Portland Officer Jackson: You're at a Black Lives Matter protest, you have more minorities on the police side than you have in a violent crowd. And you have white people screaming at black officers, "You have the biggest nose I have ever seen!"
Reporter: What was it like in that capacity in the first few weeks when the fence was up around the Justice Center?
Portland Officer Jackson: I got to see folks that really do want to see change like the rest of us that have been impacted by racism. And I got to see those people get faded out by people who have no idea what racism is all about. Never experienced racism. They don't even know the tactics they are using are the same tactics that were used against my people. And they don't even know that, they don't know the history. They don't know what they're saying. Coming from someone who graduated from PSU with a history degree, it's actually frightening.
You know they say if you don't know your history, you'll repeat it and watching and watching people do that to other people....
[video jumps to next frame]
Portland Officer Jackson: A lot of times someone of color, black, hispanic Asian, will come up to the fence and directly want to talk to me. "Hey what do you think about George Floyd? What do you think about what happened with this?" I go up to the fence, someone white comes up, "F--- the police. Don't talk to him." That was the most bizarre thing because I could see it coming.
I even had a young African American girl tell me, "Why is it you guys aren't talking to us?" I said, "Honestly, this is now the, I think, 23rd day of doing it and everytime I try to have a conversation with someone that looks like me, someone white comes up and blocks them and tells them not to talk." And then right when I said that, this white girl pops up right in front of her and she [rnote: African young lady] said, "He just said that was going to happen!"
[video jumps to next frame]
Portland Officer Jackson: Straight up.

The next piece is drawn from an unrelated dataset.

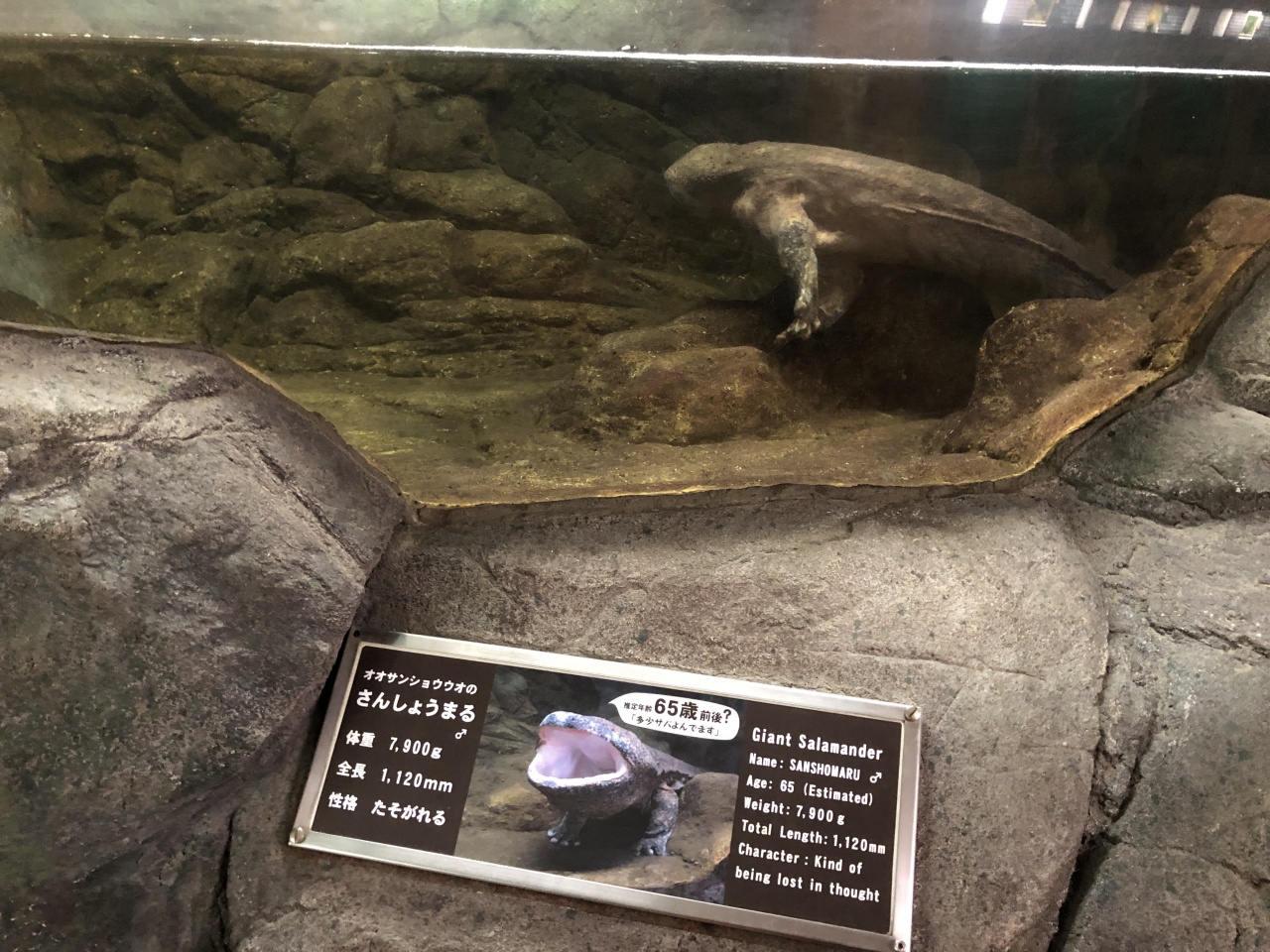 赤目四八滝に行くチケット売り場からすぐの建物に天然記念物のサンショウウオが水槽にたくさんいました。びっくりしたのはサンショウウオが長生きなこと。なかには60歳のものもいて大きくておどろきました。いろいろなサイズがいます。

I said, "You know, I've been called the n-word. She's been called the n-word. Why are you talking to me this way and why do you feel that she can't speak for herself to me? Why is it that you feel that you need to speak for her when we're having a conversation? "
[video jumps to next frame]
Portland Officer Jackson: Then when you go to a gentrified community, and one of the first pictures that I saw of one of the businesses that was looted was from a black owned business, I'm like, "they're not even from here, they don't even know what they're doing.